After some time in the park I made my way to the new apartment. This being Guanajuato, you don’t get an address. You get a description of how to get there. I had to find a certain cafe, take an alleyway straight up the side of a mountain, then jog left up a set of stairs, bear left on a smaller alley, and find the blue house on the right. It’s like playing Zork, only without the trolls. (If you’re reading this, Jason, shut up.)

Did I mention this place is on the side of a mountain. It’s a brutal, punishing climb to get up here, and carrying all my baggage with me I had to stop several times to catch my breath (we’re above 7,000 feet elevation here). I took a wrong turn at one point and continued up another set of 75 stairs and popped up on a road above where I was supposed to be, so I had to backtrack. Eventually I found the house, though I was sweaty and my legs were wobbly.

I was met by James, an ex-Oregonian, who has lived here for six years and manages properties for Americans. He showed me the house, which is spectacular. The view is out of this world, with a sunswept balcony overlooking the city, and two levels — a bedroom downstairs and a full kitchen and living room upstairs, plus two bathrooms and even a rooftop terrace with a washer and dryer. The house is tastefully decorated with Mexican art and furnishings. All this for the price of a Motel 6 in the USA.

But the cleaning lady still had to come and clean, so I had a few more hours to kill before moving in. I headed down into town (a MUCH easier walk going downhill) and did some more wandering around the city. I found the University and the movie theater and more hidden parks and plazas.
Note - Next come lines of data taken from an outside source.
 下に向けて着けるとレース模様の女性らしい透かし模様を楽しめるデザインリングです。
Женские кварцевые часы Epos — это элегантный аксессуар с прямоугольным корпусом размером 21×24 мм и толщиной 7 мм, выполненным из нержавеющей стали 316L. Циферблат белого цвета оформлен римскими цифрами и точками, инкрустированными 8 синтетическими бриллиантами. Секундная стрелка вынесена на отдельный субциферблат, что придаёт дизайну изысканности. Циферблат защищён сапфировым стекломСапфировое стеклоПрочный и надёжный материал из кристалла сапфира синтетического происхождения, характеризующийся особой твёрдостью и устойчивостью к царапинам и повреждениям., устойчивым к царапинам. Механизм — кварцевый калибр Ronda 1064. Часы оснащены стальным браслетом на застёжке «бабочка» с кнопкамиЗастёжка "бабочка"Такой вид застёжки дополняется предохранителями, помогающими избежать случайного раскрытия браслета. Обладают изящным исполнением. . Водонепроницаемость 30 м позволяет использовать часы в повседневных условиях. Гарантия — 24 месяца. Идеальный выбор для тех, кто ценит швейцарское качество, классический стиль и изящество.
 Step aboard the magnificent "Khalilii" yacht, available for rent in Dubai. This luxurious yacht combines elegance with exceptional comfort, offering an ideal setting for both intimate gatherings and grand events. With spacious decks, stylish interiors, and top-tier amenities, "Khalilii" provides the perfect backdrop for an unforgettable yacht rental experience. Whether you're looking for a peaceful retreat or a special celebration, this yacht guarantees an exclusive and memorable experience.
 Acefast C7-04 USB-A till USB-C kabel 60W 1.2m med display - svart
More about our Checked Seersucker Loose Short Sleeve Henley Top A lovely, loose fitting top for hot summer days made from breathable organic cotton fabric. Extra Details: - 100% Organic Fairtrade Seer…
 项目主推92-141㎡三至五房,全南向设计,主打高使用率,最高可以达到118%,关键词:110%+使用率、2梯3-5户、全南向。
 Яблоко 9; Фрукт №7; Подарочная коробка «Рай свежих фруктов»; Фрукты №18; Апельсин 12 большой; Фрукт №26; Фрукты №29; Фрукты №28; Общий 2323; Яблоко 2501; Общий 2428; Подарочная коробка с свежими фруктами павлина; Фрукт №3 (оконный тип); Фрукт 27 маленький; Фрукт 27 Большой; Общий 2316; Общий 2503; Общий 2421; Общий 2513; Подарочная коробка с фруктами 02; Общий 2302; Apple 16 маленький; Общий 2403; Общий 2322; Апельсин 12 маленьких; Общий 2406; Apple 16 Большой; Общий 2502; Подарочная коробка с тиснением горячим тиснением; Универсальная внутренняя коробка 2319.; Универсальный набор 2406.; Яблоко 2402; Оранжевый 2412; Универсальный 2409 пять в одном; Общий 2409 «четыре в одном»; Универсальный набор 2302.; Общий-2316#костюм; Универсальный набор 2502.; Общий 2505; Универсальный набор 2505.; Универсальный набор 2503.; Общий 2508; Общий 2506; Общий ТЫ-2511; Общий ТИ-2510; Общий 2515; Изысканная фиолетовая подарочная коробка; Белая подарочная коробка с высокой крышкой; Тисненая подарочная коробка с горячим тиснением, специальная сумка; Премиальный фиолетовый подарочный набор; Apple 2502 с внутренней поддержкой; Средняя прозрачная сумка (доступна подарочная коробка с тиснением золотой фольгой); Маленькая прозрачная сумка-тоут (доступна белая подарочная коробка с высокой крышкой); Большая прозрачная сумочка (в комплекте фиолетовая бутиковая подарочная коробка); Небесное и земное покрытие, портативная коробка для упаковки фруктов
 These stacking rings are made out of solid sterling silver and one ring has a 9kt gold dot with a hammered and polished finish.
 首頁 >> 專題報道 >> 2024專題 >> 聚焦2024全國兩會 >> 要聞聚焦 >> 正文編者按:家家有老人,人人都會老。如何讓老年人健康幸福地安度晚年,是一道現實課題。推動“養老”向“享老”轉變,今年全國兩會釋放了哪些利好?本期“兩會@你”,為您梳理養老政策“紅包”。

Plus more grocery stores and other niceties that I’ll be availing myself of.

I also found myself to be very hungry. Luckily, I wandered past a tortilleria and got a stack of five hot tortillas, fresh out of the tortilla machine (yes, there’s a tortilla machine — and yes, you could totally film an episode of I Love Lucy with it). I ate the five tortillas in approximately three seconds. 

After that it was back up the hill to the house (pant pant) for a little rest before heading out for a concert at historic Teatro Juárez.

Built from 1872 to 1897, and finally inaugurated in 1903, Teatro Juárez is just spectacular. Outside, it’s a mishmash of Greek and Roman. Inside, it’s all reds and golds, ornate woodwork and texturing, with four balconies, hardwood floors and an intimate feel despite having a large capacity.

The concert was guitarist Paco Rentería and his seven piece band. It’s one of the best concerts I’ve ever been to. Paco is an amazing guitarist and showman, a mix of Carlos Santana, Eddie Van Halen and Jack Black. He showed off innumerable techniques, from simple to flashy, and equal ability to go big or go intimate. He’s also quite the talker, sharing his thoughts on love for humanity, fellow man and (especially) fellow woman. At one point, before playing a love song, he encouraged everyone in the audience to kiss their spouse, boyfriend/girlfriend, or anyone they could find in the room. (I got this from the Spanish … I rock.)

Rentería has dubbed his style of music “Free Play,” which means it’s a melange of Latin, Pop, Jazz, Salsa and good old American standards. After opening with a number of high energy Latin songs (he wrote music for the Antonio Banderas/Salma Hayek movie Desperado), the band went into an overlapping medley of Latin-flavored popular music, seamlessly morphing from Beat It into Dust in the Wind to Johnny Cash to Save Tonight and on and on. At one point, Paco and the violinist engaged in a duel to see who could player higher, faster or throw out a riff that the other couldn’t match. When the violinist played a particularly impressive piece, Paco answered on guitar with the theme from Close Encounters, and the violinist responded with the melody from X-Files.

After an hour and three quarters they were called back for an encore, which started with a beautiful, spare love song played solo by Rentería, and then a few more bouncy Latin numbers with the whole band. It was two-plus hours of sheer joy, technical mastery and foot-stomping goodness.

After the concert it was time for a late dinner in a restaurant off the Plaza Jardín, then a stroll back up to the house and welcome bed to rest my weary legs.